Work

League of Lenses

Computer Vision
AWS

I developed a tool to assist content creators to edit landscape videos into vertical videos easily.

League of lenses

Introduction

So the input to the program is a landscape video (16:9 aspect ratio) of league of legends gameplay, preferably under a minute due to AWS lambda memory 3008 MB contraint. The output is a vertical form video (9:16 aspect ratio).

Example:

Default Center Crop

League of Lenses Output

Motivation

I had lots of clips saved up and wanted to upload them as YouTube shorts but realized that converting from landscape to vertical form led to some information loss, partically across the X-axis. The camera (player fov) isn’t always centered on the player or where the action is. But the watcher is really only interested in the action, and the clip maker (me) is also really interested in showing the meat or action part of the gameplay at every frame.

Solution

To tackle the challenge of focusing the camera where the enemies are, one obvious but computationally expensive solution would be to train a computer vision model to detect League of Legends characters on screen and output their locations. Perhaps an auto-regressive encoder-decoder architecture could handle variable output lengths. However, this approach uses far too much compute for such a simple problem.

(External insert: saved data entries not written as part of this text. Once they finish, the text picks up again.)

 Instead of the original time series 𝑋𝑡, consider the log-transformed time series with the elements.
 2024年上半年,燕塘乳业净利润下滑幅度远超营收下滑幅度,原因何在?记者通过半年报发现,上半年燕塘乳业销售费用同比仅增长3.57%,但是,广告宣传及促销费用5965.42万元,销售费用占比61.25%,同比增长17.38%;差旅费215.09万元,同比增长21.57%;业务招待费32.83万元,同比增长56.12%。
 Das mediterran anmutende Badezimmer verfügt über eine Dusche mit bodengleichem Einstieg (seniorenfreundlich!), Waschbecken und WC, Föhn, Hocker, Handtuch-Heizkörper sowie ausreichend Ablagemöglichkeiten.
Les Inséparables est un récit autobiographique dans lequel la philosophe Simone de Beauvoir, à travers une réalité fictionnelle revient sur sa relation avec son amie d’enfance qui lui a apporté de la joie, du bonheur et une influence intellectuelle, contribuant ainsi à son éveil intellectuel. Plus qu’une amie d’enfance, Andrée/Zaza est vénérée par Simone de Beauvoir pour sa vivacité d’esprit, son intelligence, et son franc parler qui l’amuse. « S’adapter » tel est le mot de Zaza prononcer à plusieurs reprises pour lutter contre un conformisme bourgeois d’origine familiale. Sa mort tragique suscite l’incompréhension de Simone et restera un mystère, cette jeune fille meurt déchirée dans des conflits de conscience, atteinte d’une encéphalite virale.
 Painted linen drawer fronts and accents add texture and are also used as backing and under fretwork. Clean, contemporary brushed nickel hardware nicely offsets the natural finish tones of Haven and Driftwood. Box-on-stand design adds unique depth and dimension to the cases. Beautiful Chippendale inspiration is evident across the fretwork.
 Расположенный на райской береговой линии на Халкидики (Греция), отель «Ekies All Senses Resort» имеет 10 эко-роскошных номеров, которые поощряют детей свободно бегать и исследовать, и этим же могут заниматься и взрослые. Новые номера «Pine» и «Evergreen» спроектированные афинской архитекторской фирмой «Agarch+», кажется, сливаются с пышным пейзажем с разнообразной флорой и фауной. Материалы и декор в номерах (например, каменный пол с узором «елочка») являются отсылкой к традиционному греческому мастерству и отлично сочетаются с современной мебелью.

Instead of tracking enemies on the player screen and finding a bounding box that includes most enemies while respecting vertical format constraints, we can simplify the problem by analyzing the minimap and reprojecting that information back to the player screen dimensions. On the minimap, we can determine both what the player is currently seeing (through contour detection and thresholding) and where enemies are located (through hand-crafted blob detection) relative to the current screen. This turns out to be all we really need.

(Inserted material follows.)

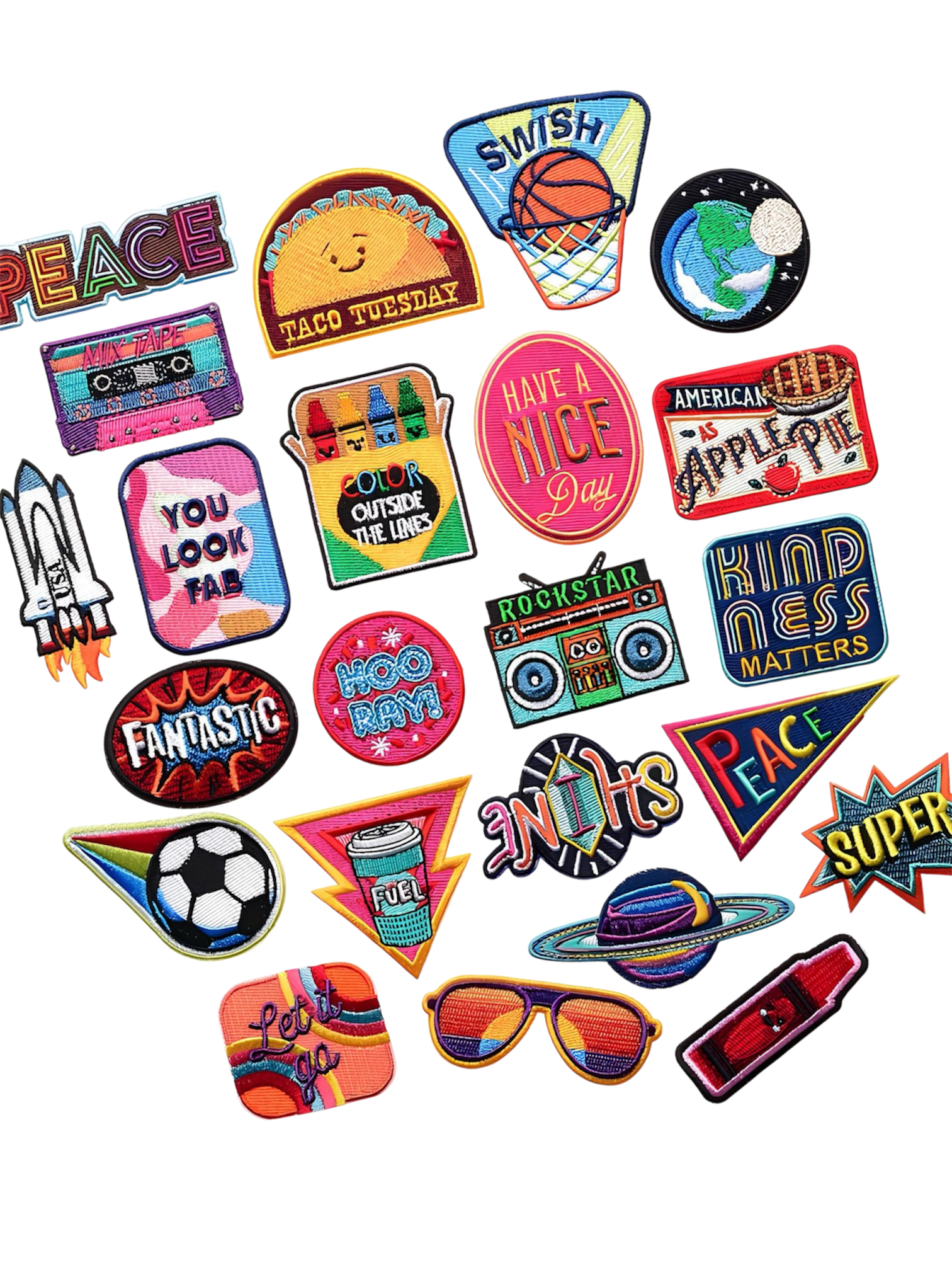 Shop custom embroidery, DTF heat transfers, Iron on patches, and blanks

Step 1: Locate the Minimap

We only need to find the minimap location once, using the first frame(s) of gameplay. This is done using SIFT (Scale-Invariant Feature Transform), which is ideal because the minimap can vary in size across different resolutions. To handle different map appearances, I only use the top-left corner of the map for SIFT matching, as that area remains consistent across all map skins. Since the minimap is always in the bottom-right corner, once the top-left corner is found, the minimap area is simply

minimap_area = frame[minimap_top_left_y:, minimap_top_left_x:]

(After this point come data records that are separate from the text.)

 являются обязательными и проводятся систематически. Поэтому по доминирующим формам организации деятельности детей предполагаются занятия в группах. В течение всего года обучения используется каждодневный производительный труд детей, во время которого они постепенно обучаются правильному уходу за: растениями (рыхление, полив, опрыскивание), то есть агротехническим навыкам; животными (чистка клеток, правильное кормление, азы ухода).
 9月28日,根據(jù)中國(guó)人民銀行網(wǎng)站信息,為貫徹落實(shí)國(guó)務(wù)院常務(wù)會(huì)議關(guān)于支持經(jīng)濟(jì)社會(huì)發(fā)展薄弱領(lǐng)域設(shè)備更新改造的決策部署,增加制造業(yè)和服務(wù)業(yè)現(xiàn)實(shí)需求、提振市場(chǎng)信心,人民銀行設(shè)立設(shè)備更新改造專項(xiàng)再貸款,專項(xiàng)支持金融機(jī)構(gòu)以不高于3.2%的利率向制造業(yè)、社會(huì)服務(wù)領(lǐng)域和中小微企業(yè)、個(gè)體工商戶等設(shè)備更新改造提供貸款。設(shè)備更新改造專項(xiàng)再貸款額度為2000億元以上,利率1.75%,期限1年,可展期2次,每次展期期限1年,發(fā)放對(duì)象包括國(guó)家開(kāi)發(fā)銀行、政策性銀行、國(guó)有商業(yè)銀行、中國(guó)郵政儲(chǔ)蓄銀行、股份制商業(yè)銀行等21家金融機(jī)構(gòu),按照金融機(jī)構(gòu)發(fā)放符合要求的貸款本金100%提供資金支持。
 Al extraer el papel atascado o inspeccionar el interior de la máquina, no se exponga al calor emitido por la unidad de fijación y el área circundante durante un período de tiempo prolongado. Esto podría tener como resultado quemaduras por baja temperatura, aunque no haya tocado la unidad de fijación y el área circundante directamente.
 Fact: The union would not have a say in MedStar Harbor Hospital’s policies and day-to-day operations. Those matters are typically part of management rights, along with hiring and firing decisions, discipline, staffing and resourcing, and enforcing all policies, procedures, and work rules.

All subsequent processing is cropped to operate only on this minimap region.

Step 2: Find the Player’s Field of View

Next, we need to find the area of the minimap that represents what the player currently sees, since this is the domain we’ll reproject our bounding box back to. This is done by thresholding the minimap and finding the white rectangle that indicates the player’s FOV. Initially, I restricted contours to those with exactly 4 corners (rectangular shapes), but champion icons overlapping the white rectangle made this approach unreliable. Instead, gating by the contour’s area using prior knowledge about expected FOV size proved more effective.

Step 3: Detect Enemies

We look for red circles (or orange in colorblind mode, though this isn’t fully supported yet) within the player FOV on the minimap. We find the centers of these circles and take the average of their X positions. We don’t need to consider Y positions because the vertical format includes all vertical content once the horizontal bounds are set.

Step 4: Update Camera Pan

We update the pan based on the last camera starting location, accounting for the minimap-to-screen ratio and applying smoothing to ensure natural movement. We then reproject this position back to frame dimensions (1920x1080) to determine the next camera starting location. Each frame uses this starting location until a set width is reached.

This width is computed from the original frame size. If the original landscape frame is 1920x1080, the vertical frame becomes 1080x1920. Since the Y dimension grows by almost double, the visible width is reduced to approximately 500 pixels (calculated precisely in the application). This Y-axis expansion creates a zoom-in effect, focusing on the action.

Improvements

  • Frame sampling: You don’t need to process every frame; checking every X frames is sufficient.

  • Look-ahead: Since the camera pans gradually, you want to look ahead Y frames to anticipate future action and pan the camera proactively.

AWS Related Implementation Details

  • AWS SAM to deploy application. This involved using ECR to store container images but only recently did I findout once a lambda function utilizes the container image, you are safe to delete it. This reduced my monthly cost from 10 cents to 5 cents!
  • AWS S3 to store user uploaded files and processed files. These are automatically cleaned up in 3 days.
  • AWS SQS for lambda functions to notify when they are done. And used by clients to poll for progress.